The president of the University of Prince Edward Island (UPEI) had been in his role for less than a year when the school’s vice-presidents sat around a dining table and devised a plan to get rid of him.
They considered Alaa Abd-El-Aziz demeaning, domineering and too controlling over the school’s finances, two of those vice-presidents have told Global News. The final straw came when two female employees accused him of sexual harassment.
The two vice-presidents say they brought their concerns to the chair of the Board of Governors, requesting Abd-El-Aziz’s immediate removal.
But that didn’t happen. Abd-El-Aziz went on to helm the school for a decade — a period of prosperity for the small, provincial university that saw it rocket up the Macleans university rankings, its student enrolment steadily increase and a raft of high-profile expansion projects get underway. Abd-El-Aziz was lauded with awards, national praise and gushing magazine profiles.

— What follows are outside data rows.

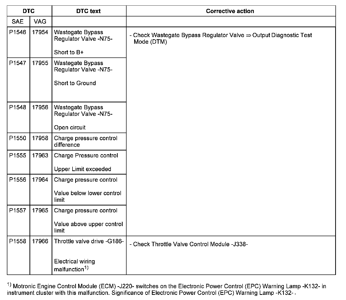 DTC P1546 - 1558:
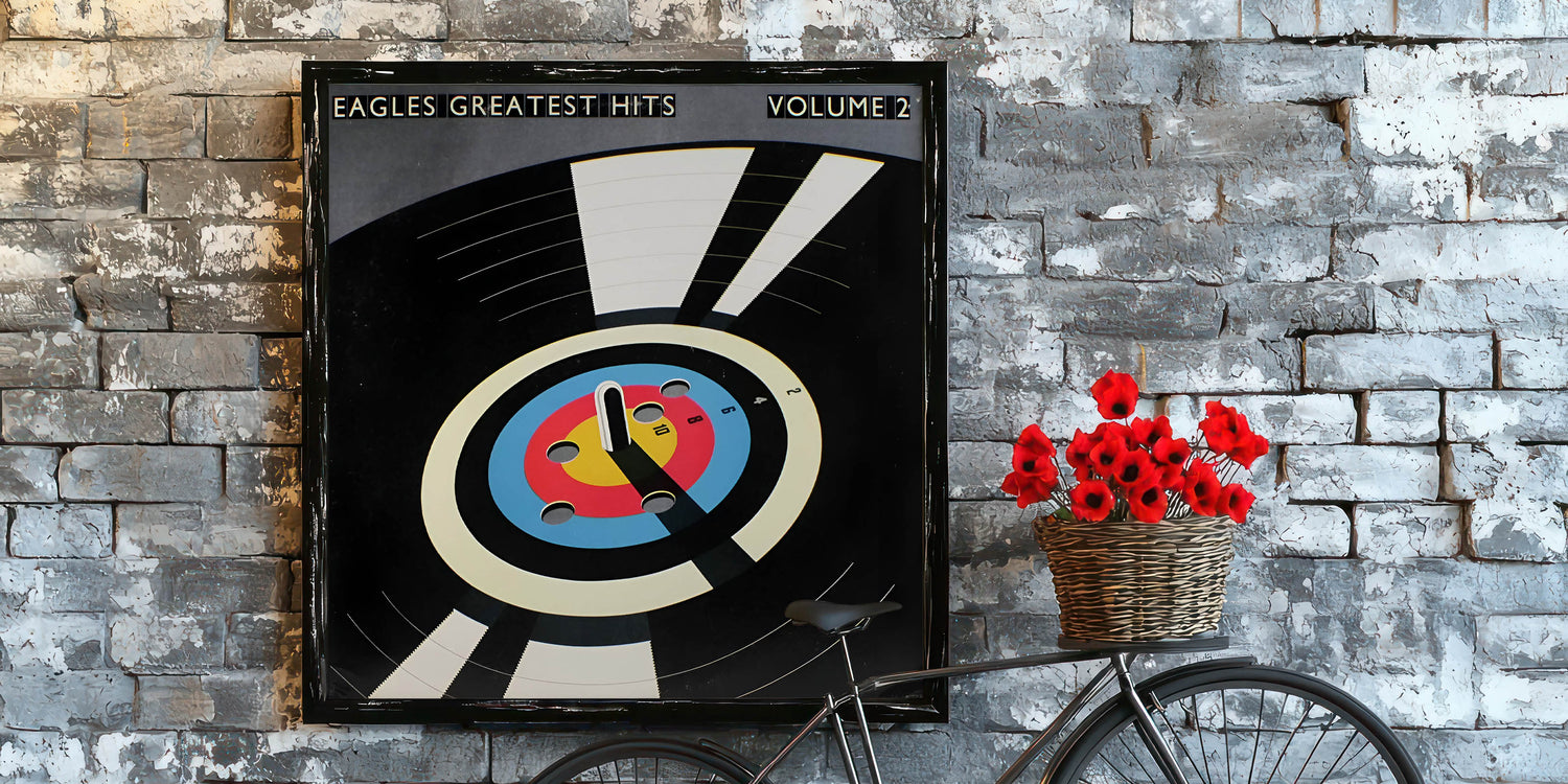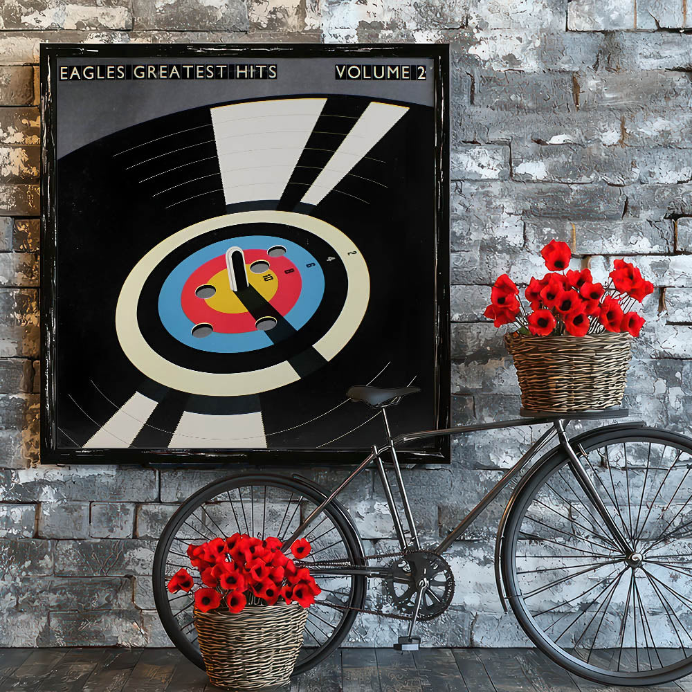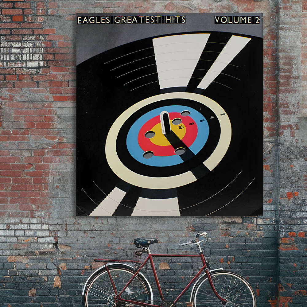 Capture the essence of classic rock with this Retro Wall Art featuring the Eagles' iconic Greatest Hits Volume 2 album cover. Designed for fans of vintage decor and nostalgic art prints, this piece showcases a bold mix of black, blue, red, and yellow tones, embodying a timeless retro aesthetic.
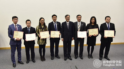 清华经管学院院长钱颖一教授向英国分会会长、特邀顾问、副会长、秘书长、副秘书长等颁发聘书
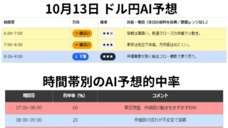 FX 10月13日 ドル円AI予想|休場相場でも狙えるAIシナリオと要人発言の注意点 日本・カナダ休場で薄商い。中国貿易収支と英MPC発言、米要人発言がカギ。AIが6:00〜30:00の方向と確率を時間別に解説。 2025.10.13 FX
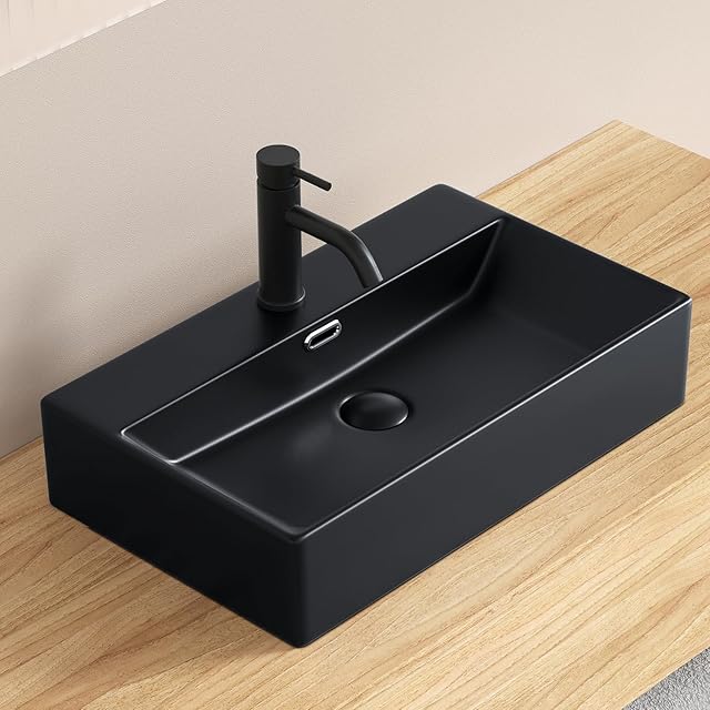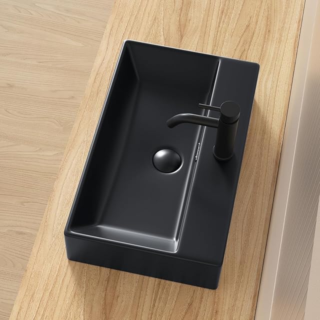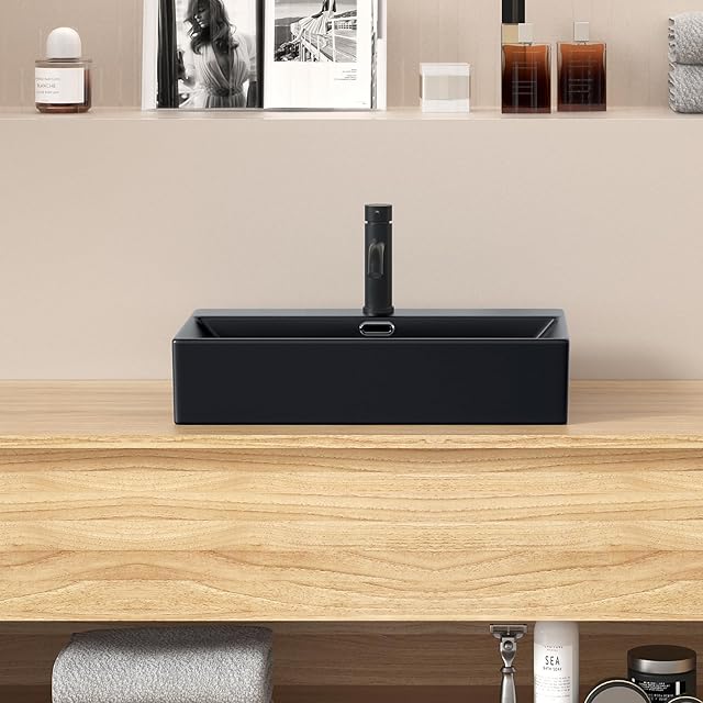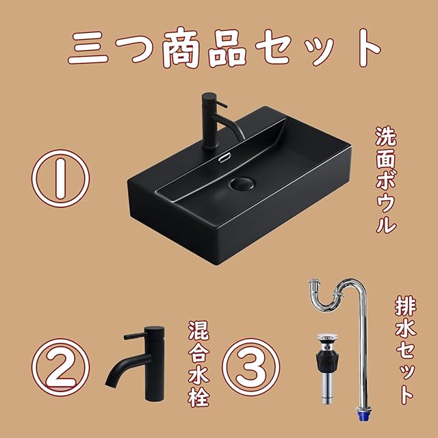 【高級Sトラップセット付き】 ブラック 洗面ボウル 置き型 605*360*130mm 洗面台 大型 おしゃれ 洗面ボール 陶器 手洗いボウル 蛇口セット (長方形)

But it was also a period that a third-party review would later characterize as a “toxic” culture of harassment and racism, with rampant allegations of sexual and gender-based violence that the school failed to address.
That review would be prompted by another allegation against Abd-El-Aziz for workplace misconduct. This time, he would end his illustrious career in the aftermath, and the small, bucolic island would be left reeling.
“I’ve never seen a report on a campus climate that was as god-awful as that one,” says Alex Usher, president of Higher Education Strategy Associates in Toronto.
“But this report is not just about him. … This is a cultural problem. You can’t pin that on the top guy, that is a top-to-bottom problem.”